## [WHAT IS EXPECTED]
All of the data should be output character for character, except the pictures.

## [GIVEN DATA]

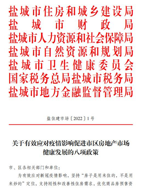 房訊網(wǎng)訊 近日,江蘇省鹽城市住房和城鄉(xiāng)建設(shè)局聯(lián)合多部門出臺(tái)《關(guān)于有效應(yīng)對(duì)疫情影響促進(jìn)市區(qū)房地產(chǎn)市場(chǎng)健康發(fā)展的八項(xiàng)政策》,支持剛性和改善性住房需求,優(yōu)化商品房預(yù)售資金監(jiān)管,促進(jìn)房地產(chǎn)業(yè)健康發(fā)展。
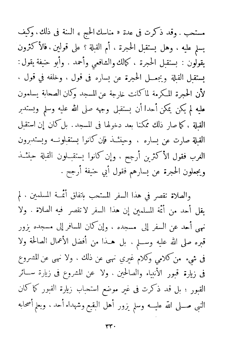 مُسْتَحَبٌّ. وَقَدْ ذَكَرْت فِي عُدَّةِ " مَنَاسِكِ الْحَجِّ " السُّنَّةَ فِي ذَلِكَ وَكَيْفَ يُسَلِّمُ عَلَيْهِ وَهَلْ يَسْتَقْبِلُ الْحُجْرَةَ أَمْ الْقِبْلَةَ؟ عَلَى قَوْلَيْنِ فَالْأَكْثَرُونَ يَقُولُونَ: يَسْتَقْبِلُ الْحُجْرَةَ كَمَالِكِ وَالشَّافِعِيِّ وَأَحْمَد. وَأَبُو حَنِيفَةَ يَقُولُ: يَسْتَقْبِلُ الْقِبْلَةَ وَيَجْعَلُ الْحُجْرَةَ عَنْ يَسَارِهِ فِي قَوْلٍ وَخَلْفَهُ فِي قَوْلٍ لِأَنَّ الْحُجْرَةَ الْمُكَرَّمَةَ لَمَّا كَانَتْ خَارِجَةً عَنْ الْمَسْجِدِ وَكَانَ الصَّحَابَةُ يُسَلِّمُونَ عَلَيْهِ لَمْ يَكُنْ يُمْكِنُ أَحَدًا أَنْ يَسْتَقْبِلَ وَجْهَهُ صَلَّى اللَّهُ عَلَيْهِ وَسَلَّمَ وَيَسْتَدْبِرَ الْقِبْلَةَ كَمَا صَارَ ذَلِكَ مُمْكِنًا بَعْدَ دُخُولِهَا فِي الْمَسْجِدِ. بَلْ كَانَ إنْ اسْتَقْبَلَ الْقِبْلَةَ صَارَتْ عَنْ يَسَارِهِ وَحِينَئِذٍ فَإِنْ كَانُوا يَسْتَقْبِلُونَهُ وَيَسْتَدْبِرُونَ الْغَرْبَ فَقَوْلُ الْأَكْثَرِينَ أَرْجَحُ وَإِنْ كَانُوا يَسْتَقْبِلُونَ الْقِبْلَةَ حِينَئِذٍ وَيَجْعَلُونَ الْحُجْرَةَ عَنْ يَسَارِهِمْ فَقَوْلُ أَبِي حَنِيفَةَ أَرْجَحُ. وَالصَّلَاةُ تُقْصَرُ فِي هَذَا السَّفَرِ الْمُسْتَحَبِّ بِاتِّفَاقِ أَئِمَّةِ الْمُسْلِمِينَ لَمْ يَقُلْ أَحَدٌ مِنْ أَئِمَّةِ الْمُسْلِمِينَ إنَّ هَذَا السَّفَرَ لَا تُقْصَرُ فِيهِ الصَّلَاةُ. وَلَا نَهَى أَحَدٌ عَنْ السَّفَرِ إلَى مَسْجِدِهِ وَإِنْ كَانَ الْمُسَافِرُ إلَى مَسْجِدِهِ يَزُورُ قَبْرَهُ صَلَّى اللَّهُ عَلَيْهِ وَسَلَّمَ بَلْ هَذَا مِنْ أَفْضَلِ الْأَعْمَالِ الصَّالِحَةِ وَلَا فِي شَيْءٍ مِنْ كَلَامِي وَكَلَامِ غَيْرِي نَهْيٌ عَنْ ذَلِكَ وَلَا نَهْيٌ عَنْ الْمَشْرُوعِ فِي زِيَارَةِ قُبُورِ الْأَنْبِيَاءِ وَالصَّالِحِينَ وَلَا عَنْ الْمَشْرُوعِ فِي زِيَارَةِ سَائِرِ الْقُبُورِ؛ بَلْ قَدْ ذَكَرْت فِي غَيْرِ مَوْضِعٍ اسْتِحْبَابَ زِيَارَةِ الْقُبُورِ كَمَا {كَانَ النَّبِيُّ صَلَّى اللَّهُ عَلَيْهِ وَسَلَّمَ يَزُورُ أَهْلَ الْبَقِيعِ وَشُهَدَاءَ أُحُدٍ وَيُعَلِّمُ أَصْحَابَهُ
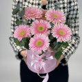 Композиция из 9 розовых гербер в шляпной коробке
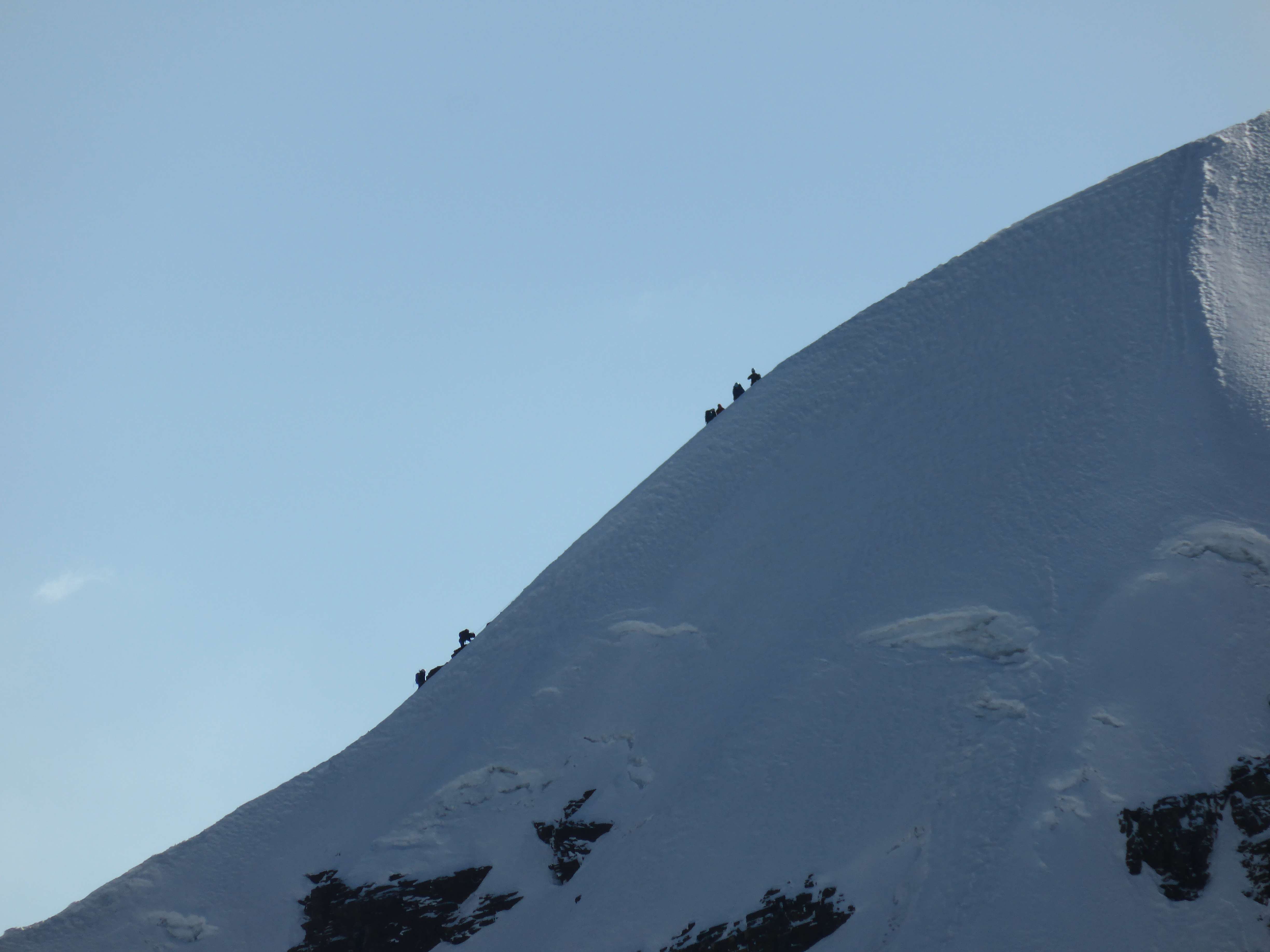 At the base of the summit ridge, getting ready to cross one final crevasse.

## [RESPONSE]
 房訊網(wǎng)訊 近日,江蘇省鹽城市住房和城鄉(xiāng)建設(shè)局聯(lián)合多部門出臺(tái)《關(guān)于有效應(yīng)對(duì)疫情影響促進(jìn)市區(qū)房地產(chǎn)市場(chǎng)健康發(fā)展的八項(xiàng)政策》,支持剛性和改善性住房需求,優(yōu)化商品房預(yù)售資金監(jiān)管,促進(jìn)房地產(chǎn)業(yè)健康發(fā)展。
 مُسْتَحَبٌّ. وَقَدْ ذَكَرْت فِي عُدَّةِ " مَنَاسِكِ الْحَجِّ " السُّنَّةَ فِي ذَلِكَ وَكَيْفَ يُسَلِّمُ عَلَيْهِ وَهَلْ يَسْتَقْبِلُ الْحُجْرَةَ أَمْ الْقِبْلَةَ؟ عَلَى قَوْلَيْنِ فَالْأَكْثَرُونَ يَقُولُونَ: يَسْتَقْبِلُ الْحُجْرَةَ كَمَالِكِ وَالشَّافِعِيِّ وَأَحْمَد. وَأَبُو حَنِيفَةَ يَقُولُ: يَسْتَقْبِلُ الْقِبْلَةَ وَيَجْعَلُ الْحُجْرَةَ عَنْ يَسَارِهِ فِي قَوْلٍ وَخَلْفَهُ فِي قَوْلٍ لِأَنَّ الْحُجْرَةَ الْمُكَرَّمَةَ لَمَّا كَانَتْ خَارِجَةً عَنْ الْمَسْجِدِ وَكَانَ الصَّحَابَةُ يُسَلِّمُونَ عَلَيْهِ لَمْ يَكُنْ يُمْكِنُ أَحَدًا أَنْ يَسْتَقْبِلَ وَجْهَهُ صَلَّى اللَّهُ عَلَيْهِ وَسَلَّمَ وَيَسْتَدْبِرَ الْقِبْلَةَ كَمَا صَارَ ذَلِكَ مُمْكِنًا بَعْدَ دُخُولِهَا فِي الْمَسْجِدِ. بَلْ كَانَ إنْ اسْتَقْبَلَ الْقِبْلَةَ صَارَتْ عَنْ يَسَارِهِ وَحِينَئِذٍ فَإِنْ كَانُوا يَسْتَقْبِلُونَهُ وَيَسْتَدْبِرُونَ الْغَرْبَ فَقَوْلُ الْأَكْثَرِينَ أَرْجَحُ وَإِنْ كَانُوا يَسْتَقْبِلُونَ الْقِبْلَةَ حِينَئِذٍ وَيَجْعَلُونَ الْحُجْرَةَ عَنْ يَسَارِهِمْ فَقَوْلُ أَبِي حَنِيفَةَ أَرْجَحُ. وَالصَّلَاةُ تُقْصَرُ فِي هَذَا السَّفَرِ الْمُسْتَحَبِّ بِاتِّفَاقِ أَئِمَّةِ الْمُسْلِمِينَ لَمْ يَقُلْ أَحَدٌ مِنْ أَئِمَّةِ الْمُسْلِمِينَ إنَّ هَذَا السَّفَرَ لَا تُقْصَرُ فِيهِ الصَّلَاةُ. وَلَا نَهَى أَحَدٌ عَنْ السَّفَرِ إلَى مَسْجِدِهِ وَإِنْ كَانَ الْمُسَافِرُ إلَى مَسْجِدِهِ يَزُورُ قَبْرَهُ صَلَّى اللَّهُ عَلَيْهِ وَسَلَّمَ بَلْ هَذَا مِنْ أَفْضَلِ الْأَعْمَالِ الصَّالِحَةِ وَلَا فِي شَيْءٍ مِنْ كَلَامِي وَكَلَامِ غَيْرِي نَهْيٌ عَنْ ذَلِكَ وَلَا نَهْيٌ عَنْ الْمَشْرُوعِ فِي زِيَارَةِ قُبُورِ الْأَنْبِيَاءِ وَالصَّالِحِينَ وَلَا عَنْ الْمَشْرُوعِ فِي زِيَارَةِ سَائِرِ الْقُبُورِ؛ بَلْ قَدْ ذَكَرْت فِي غَيْرِ مَوْضِعٍ اسْتِحْبَابَ زِيَارَةِ الْقُبُورِ كَمَا {كَانَ النَّبِيُّ صَلَّى اللَّهُ عَلَيْهِ وَسَلَّمَ يَزُورُ أَهْلَ الْبَقِيعِ وَشُهَدَاءَ أُحُدٍ وَيُعَلِّمُ أَصْحَابَهُ
 Композиция из 9 розовых гербер в шляпной коробке
 At the base of the summit ridge, getting ready to cross one final crevasse.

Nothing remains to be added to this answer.